Problem description: All of the listing must be given again exactly, except that the images are dropped.

----

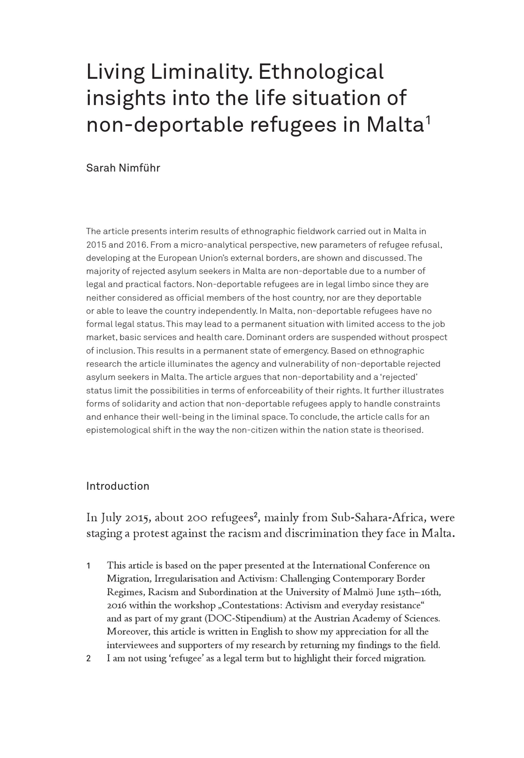 Nimführ, Sarah: Living Liminality. Ethnological insights into the life situation of non-deportable refugees in Malta
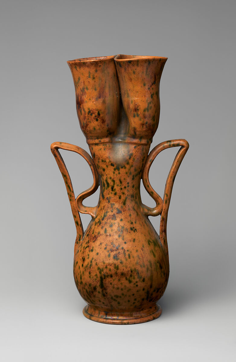 George Ohr of Biloxi, Mississippi, was arguably the quintessential American art potter: he built his own kiln, dug his clay, threw his vessels with extreme proficiency on the potter’s wheel to wafer thinness, altered those shapes, and then covered them with his own novel glazes. In form and decoration they are essentially Abstract Expressionist objects—almost 50 years before that movement was founded. These two vases illustrate especially well how Ohr’s lithe, flamboyant, ribbon handles transform a traditional vessel form. On one, the addition of the serpentine handles—with five points where the interior of the handle attaches to the body of the vase—give the vessel an entirely new profile. The second vase exhibits not only Ohr’s unusual serpentine handles, but also his fascination with altered form, where he squeezed and pinched the upper portion to form a double-necked vessel. The handles almost give the impression of wings attached to the slender waist of the vase. In both examples, the handles are reminiscent of the extravagant dragon stems on Venetian glass goblets.
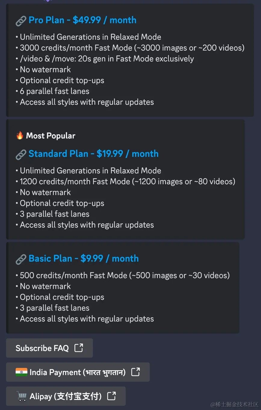 输入 /subscribe 可查看不同订阅计划的价格和额度说明。
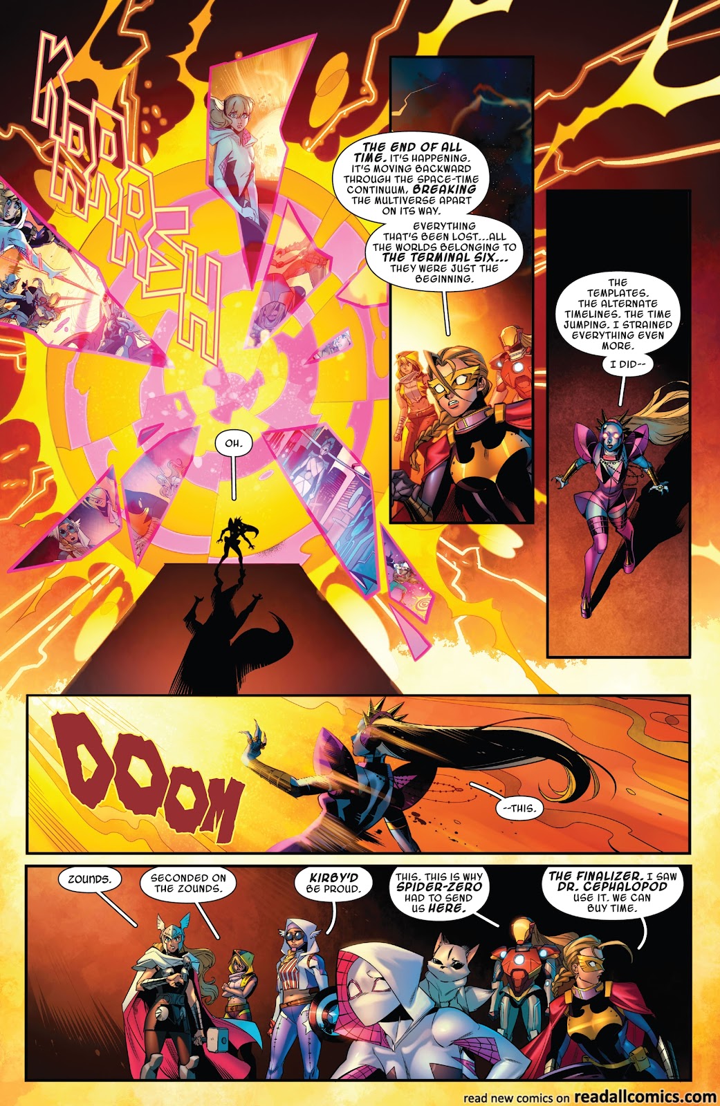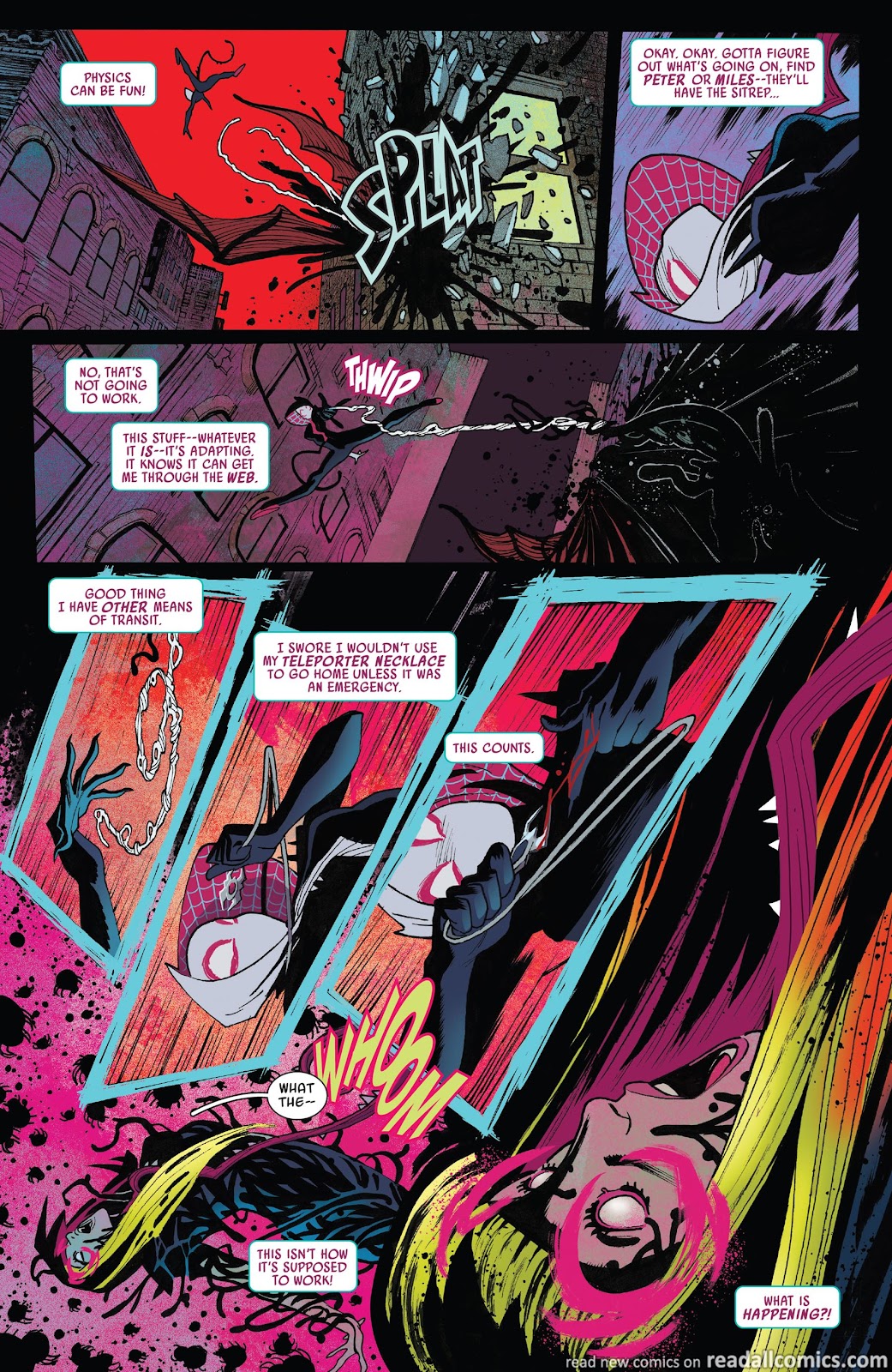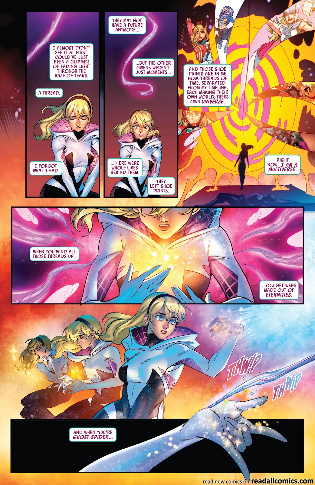 …until, somehow, Gwen came to the realization that absorbing the life force of her alternate selves linked her to all of their timelines turning her into a multiverse capable of creating webs “made out of eternities” that Gwen would use to hold the multiverse together (as shown above) and save the day!
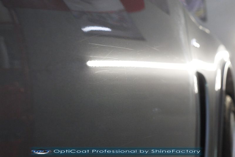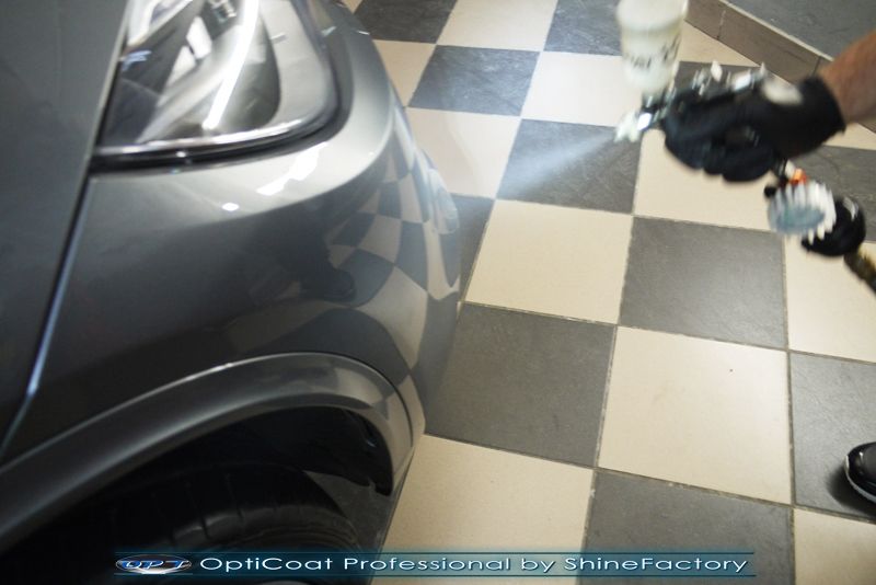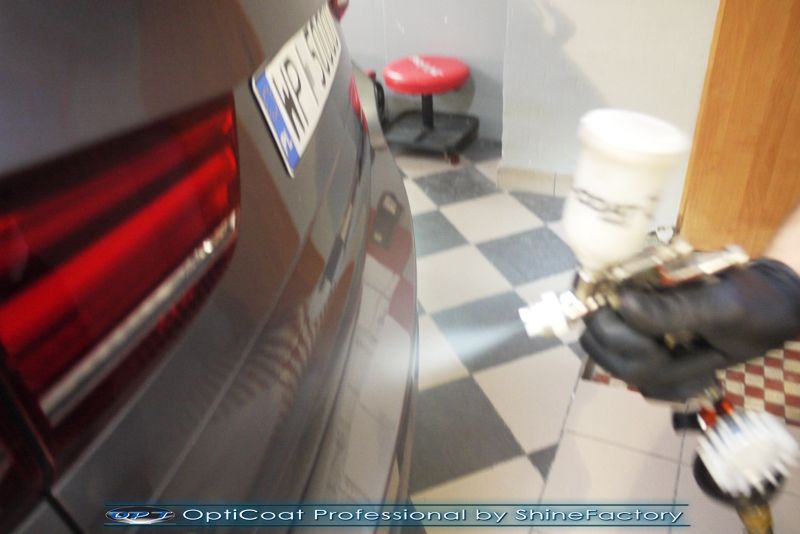 BMW X5 w potężnej wersji M50d, zostało nam powierzone w celu kompleksowego detailingu oraz zabezpieczenia aby po kilku latach intensywnego użytkowania było ponowie jak nowe oraz w pełni zabezpieczone na kolejne. Zaczęliśmy od wieloetapowego dogłębnego oczyszczenia lakieru z wszelkich naleciałości (smoła z drogi, żywica z drzew), oczyszczenia felg oraz nadkoli. Następnie przystąpiliśmy do pełnej korekty lakieru, usunęliśmy wszelkie niedoskonałości jak zmatowienie, głębsze oraz płytsze rysy, ogromną ilość głębokich wżerów. Po kilku dniach prac nabrał idealnego wyglądu oraz był gotowy do zabezpieczanie powłoką ceramiczną. Finalnie pokryliśmy lakier testowaną w laboratoryjny sposób przez TUV powłoką ceramiczną OptiCoat Professional/GlossCoat w innowacyjny natryskowy sposób co zapewnia maksymalny połysk i grubą ochronę lakieru na bardzo długi czas. Oczywiście zajęliśmy się, także zabezpieczeniem pakietem powłok wszelkich innych elementów jak szyby (Gtechniq G1), felgi (DLUX), lampy itp. Finalnie pakiet powłok został wygrzany w odpowiedniej temperaturze lampami IR. Oczywiście BMW przeszeło, także bardzo dokładnym detailing wnętrza, wszelkie el. plastikowe zostały oczyszczone i zabezpieczone, materiały wyprane ekstrakcyjnie, skóry oczyszczone i zaimpregnowane. Nie zapomnieliśmy, także o zajęciu się komorą silnika. X5 dzięki detailingowi oraz finalnemu pokryciu ceramiką zyskało perfekcyjną prezentację, połysk oraz bardzo mocną ochronę na bardzo długi czas. Zapraszamy do szerokiej fotorelacji i zdjęć efektu końcowego!
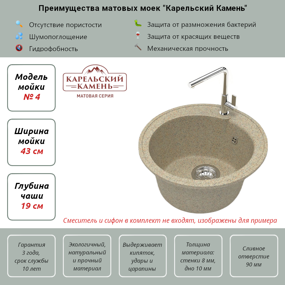 Мойка Раковина для кухни из искусственного камня матовая ТМ Карельский камень (MARRBAXX) Модель 4-Q5 Цвет песочный матовый
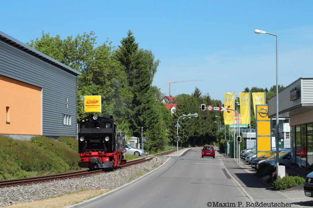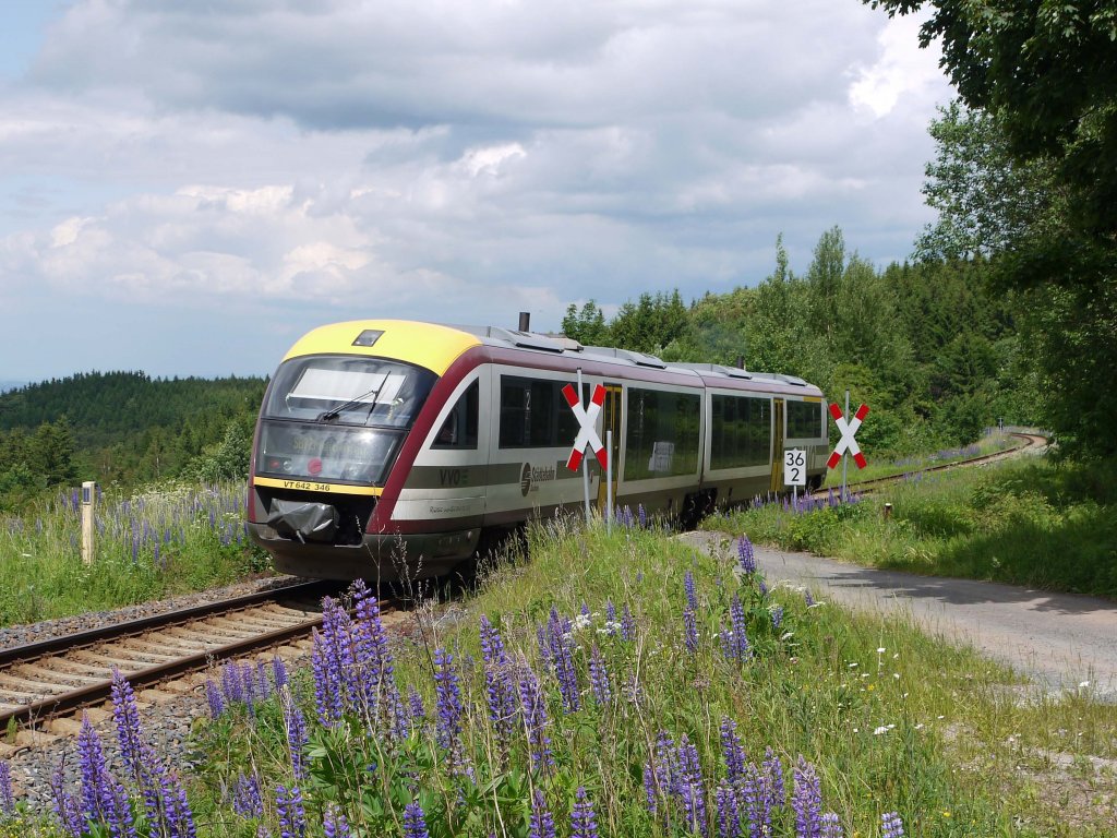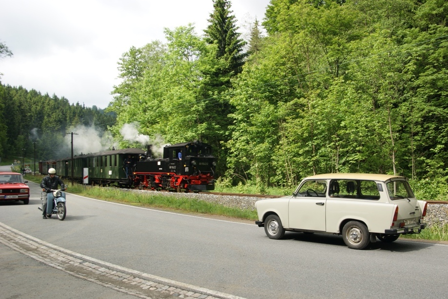 99 1542-2 mit einem GmP an der Grumbacher Kreuzung. Leider mußte der Lada geschnitten werden, da ich sonst zu viele  Gäste  auf dem Bild hätte. Aufgenommen am 01.06.2012.

----

Written solution:
 Nimführ, Sarah: Living Liminality. Ethnological insights into the life situation of non-deportable refugees in Malta
 George Ohr of Biloxi, Mississippi, was arguably the quintessential American art potter: he built his own kiln, dug his clay, threw his vessels with extreme proficiency on the potter’s wheel to wafer thinness, altered those shapes, and then covered them with his own novel glazes. In form and decoration they are essentially Abstract Expressionist objects—almost 50 years before that movement was founded. These two vases illustrate especially well how Ohr’s lithe, flamboyant, ribbon handles transform a traditional vessel form. On one, the addition of the serpentine handles—with five points where the interior of the handle attaches to the body of the vase—give the vessel an entirely new profile. The second vase exhibits not only Ohr’s unusual serpentine handles, but also his fascination with altered form, where he squeezed and pinched the upper portion to form a double-necked vessel. The handles almost give the impression of wings attached to the slender waist of the vase. In both examples, the handles are reminiscent of the extravagant dragon stems on Venetian glass goblets.
 输入 /subscribe 可查看不同订阅计划的价格和额度说明。
 …until, somehow, Gwen came to the realization that absorbing the life force of her alternate selves linked her to all of their timelines turning her into a multiverse capable of creating webs “made out of eternities” that Gwen would use to hold the multiverse together (as shown above) and save the day!
 BMW X5 w potężnej wersji M50d, zostało nam powierzone w celu kompleksowego detailingu oraz zabezpieczenia aby po kilku latach intensywnego użytkowania było ponowie jak nowe oraz w pełni zabezpieczone na kolejne. Zaczęliśmy od wieloetapowego dogłębnego oczyszczenia lakieru z wszelkich naleciałości (smoła z drogi, żywica z drzew), oczyszczenia felg oraz nadkoli. Następnie przystąpiliśmy do pełnej korekty lakieru, usunęliśmy wszelkie niedoskonałości jak zmatowienie, głębsze oraz płytsze rysy, ogromną ilość głębokich wżerów. Po kilku dniach prac nabrał idealnego wyglądu oraz był gotowy do zabezpieczanie powłoką ceramiczną. Finalnie pokryliśmy lakier testowaną w laboratoryjny sposób przez TUV powłoką ceramiczną OptiCoat Professional/GlossCoat w innowacyjny natryskowy sposób co zapewnia maksymalny połysk i grubą ochronę lakieru na bardzo długi czas. Oczywiście zajęliśmy się, także zabezpieczeniem pakietem powłok wszelkich innych elementów jak szyby (Gtechniq G1), felgi (DLUX), lampy itp. Finalnie pakiet powłok został wygrzany w odpowiedniej temperaturze lampami IR. Oczywiście BMW przeszeło, także bardzo dokładnym detailing wnętrza, wszelkie el. plastikowe zostały oczyszczone i zabezpieczone, materiały wyprane ekstrakcyjnie, skóry oczyszczone i zaimpregnowane. Nie zapomnieliśmy, także o zajęciu się komorą silnika. X5 dzięki detailingowi oraz finalnemu pokryciu ceramiką zyskało perfekcyjną prezentację, połysk oraz bardzo mocną ochronę na bardzo długi czas. Zapraszamy do szerokiej fotorelacji i zdjęć efektu końcowego!
 Мойка Раковина для кухни из искусственного камня матовая ТМ Карельский камень (MARRBAXX) Модель 4-Q5 Цвет песочный матовый
 99 1542-2 mit einem GmP an der Grumbacher Kreuzung. Leider mußte der Lada geschnitten werden, da ich sonst zu viele  Gäste  auf dem Bild hätte. Aufgenommen am 01.06.2012.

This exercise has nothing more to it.